DATA SECTION>
= = = =
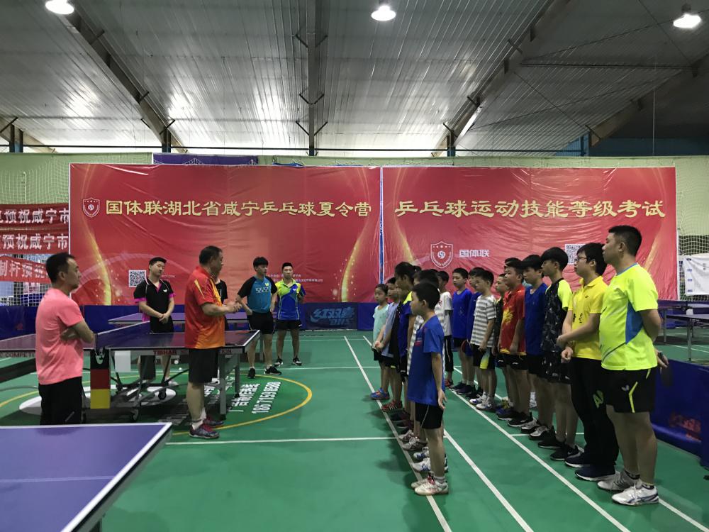 7月11日上午,由国体联考级平台主办,湖北省夺标体育文化传媒有限公司协办的国体联湖北省咸宁乒乓球夏令营,在湖北省咸宁市举行开营仪式。前国家队教练李晓东、队员谭瑞午亲临现场为学员量身定制训练计划。
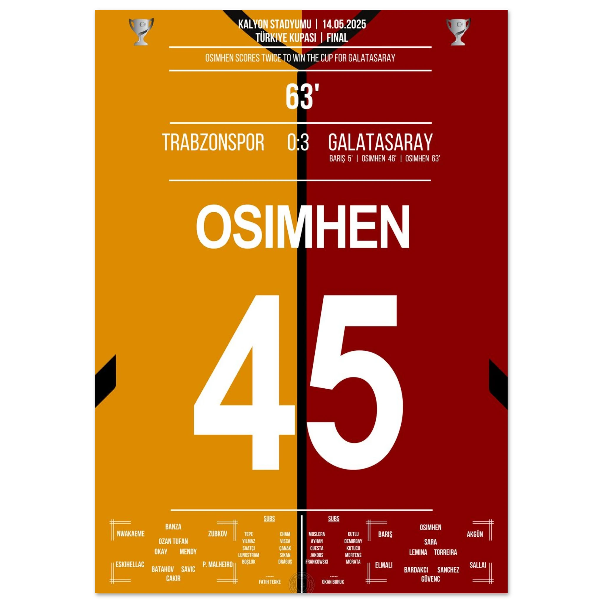 Osimhen trifft doppelt und schiesst Galatasaray zum Pokalsieg
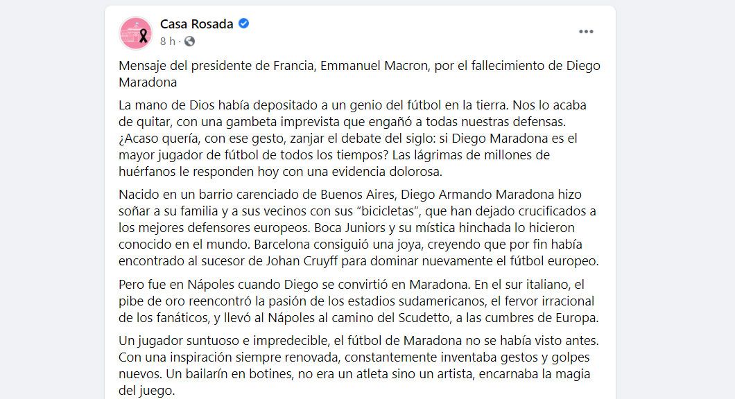 El Presidente de la República saluda al dueño indiscutido de la pelota, tan amado por los franceses. A todos los que ahorraron su mesada para completar el álbum Panini de México 86 con su figurita, a todos los que tuvieron que negociar con su mujer para bautizar Diego a sus hijos, a sus compatriotas argentinos, a los napolitanos que dibujaron frescos dignos de Diego Rivera en su honor, a todos los amantes del fútbol, el Presidente de la República envía su más sentido pésame. Diego se queda.
= = = =
ACTION ITEM>
Write the listing out exactly, word for word, but omit the pictures.

OUTPUT FOR THIS TASK>
 7月11日上午,由国体联考级平台主办,湖北省夺标体育文化传媒有限公司协办的国体联湖北省咸宁乒乓球夏令营,在湖北省咸宁市举行开营仪式。前国家队教练李晓东、队员谭瑞午亲临现场为学员量身定制训练计划。
 Osimhen trifft doppelt und schiesst Galatasaray zum Pokalsieg
 El Presidente de la República saluda al dueño indiscutido de la pelota, tan amado por los franceses. A todos los que ahorraron su mesada para completar el álbum Panini de México 86 con su figurita, a todos los que tuvieron que negociar con su mujer para bautizar Diego a sus hijos, a sus compatriotas argentinos, a los napolitanos que dibujaron frescos dignos de Diego Rivera en su honor, a todos los amantes del fútbol, el Presidente de la República envía su más sentido pésame. Diego se queda.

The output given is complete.